- First appearance: 1st to Die
- Created by: James Patterson
- Portrayed by: Tracy Pollan Angie Harmon

In-universe information
- Gender: Female
- Occupation: Police detective
- Nationality: American

= Lindsay Boxer =

Lindsay Boxer is the main character of the novel series Women's Murder Club written by James Patterson and Maxine Paetro. The series is based on fictional characters and police cases in San Francisco.

==Character overview==
When the series begins, Lindsay Boxer is a 34-year-old divorced San Francisco Police Inspector. She lives alone in an apartment in the Potrero Hill neighbourhood of San Francisco with her beloved Border Collie, Martha.
She was married for three years to her college sweetheart, whom she later describes as the brother she never had.

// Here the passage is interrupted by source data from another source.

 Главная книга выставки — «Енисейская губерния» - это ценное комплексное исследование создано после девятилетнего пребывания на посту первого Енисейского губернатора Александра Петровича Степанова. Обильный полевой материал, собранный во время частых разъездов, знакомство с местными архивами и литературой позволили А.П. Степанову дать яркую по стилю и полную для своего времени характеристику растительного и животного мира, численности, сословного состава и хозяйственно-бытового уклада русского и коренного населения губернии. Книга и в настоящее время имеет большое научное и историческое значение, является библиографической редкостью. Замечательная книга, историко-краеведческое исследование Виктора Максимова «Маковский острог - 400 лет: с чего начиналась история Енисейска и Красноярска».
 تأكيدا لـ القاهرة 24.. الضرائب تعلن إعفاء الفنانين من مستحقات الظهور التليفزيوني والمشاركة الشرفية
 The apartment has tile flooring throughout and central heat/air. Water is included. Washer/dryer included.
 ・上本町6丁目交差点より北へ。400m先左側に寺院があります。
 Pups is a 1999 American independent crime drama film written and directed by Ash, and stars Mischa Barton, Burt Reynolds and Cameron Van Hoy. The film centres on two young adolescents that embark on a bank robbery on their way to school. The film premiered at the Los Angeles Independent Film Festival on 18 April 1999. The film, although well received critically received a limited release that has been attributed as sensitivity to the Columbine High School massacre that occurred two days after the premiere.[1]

In 1st to die, she is diagnosed with Negli's aplastic anaemia, a blood disease related to leukaemia.
Her off-and-on partner on the force is Warren Jacobi, who, despite having ten more years of experience, is subordinate to her.
Part way through the book, she gets a new partner, Chris Raleigh, who is an ex-cop and a media-containment specialist for the Mayor.
After opening up her heart and bed to him, he is murdered. In the following books, she starts dating Joe Molinari, Deputy Director of Homeland Security.
She has a sister named Cat and two nieces, Brigid and Meredith. Her mother died of cancer when she was 24. Her father, Marty Boxer, left the family when Lindsay was thirteen; and she's seen him only twice since. When he shows up on her doorstep in book 2, she lets him in, only to be betrayed again.

In book 2, 2nd Chance, Lindsay is promoted to Chief of Homicide, her dream since she was in the Academy.

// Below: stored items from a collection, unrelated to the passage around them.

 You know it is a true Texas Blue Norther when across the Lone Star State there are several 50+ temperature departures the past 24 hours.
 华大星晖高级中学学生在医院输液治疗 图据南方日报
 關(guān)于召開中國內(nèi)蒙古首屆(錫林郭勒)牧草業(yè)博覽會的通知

In book 4, 4th of July, she is suspended based on false charges of police brutality. When leads in her case about the murdered newlyweds dry up (1st to Die), she decides to talk to her best friend, forensic-pathologist Claire Washburn, and new-found friend reporter Cindy Thomas to try to figure out what she overlooked. After a while, they add another member to this little club, Jill Bernhart-Mayer, Assistant District Attorney. Their favourite place to meet is a restaurant–bar named Suzie's where they go for the atmosphere, the spicy foods, and the margaritas. Suzie's is the birthplace of the Women's Murder Club, which the four women form. The Women's Murder Club is their own version of detective work. This is when they discuss cases, off the books. After the death of Jill (3rd Degree), they welcome another attorney to the group, Yuki Castellano.

The series follows Lindsay's life, and there is a significant milestone in most of the books. In 11th Hour, she is pregnant; and in 12th of Never, she gives birth to her daughter.

==List of novels==
1. 1st to Die (2001)
2. 2nd Chance (2002)
3. 3rd Degree (2004)
4. 4th of July (2005)
5. The 5th Horseman (2006)
6. The 6th Target (2007
7. 7th Heaven (2008)
8. The 8th Confession (2009)
9. The 9th Judgment (2010)
10. 10th Anniversary (2011)
11. 11th Hour (2012)
12. 12th of Never (2013)
13. Unlucky 13 (2014)
14. 14th Deadly Sin (2015)
15. 15th Affair (2016)
16. The Trial (2016), novella
17. 16th Seduction (2017)
18. The Medical Examiner (2017), novella
19. 17th Suspect (2018)
20. 18th Abduction (2019)
21. 19th Christmas (2019)
22. The 20th Victim (2020)
23. 21st Birthday (2021)
24. 22 Seconds (2022)

==Adaptations==
The character has been played by Tracy Pollan in the 2003 telemovie First to Die, and by Angie Harmon in the 2007-08 TV series Women's Murder Club.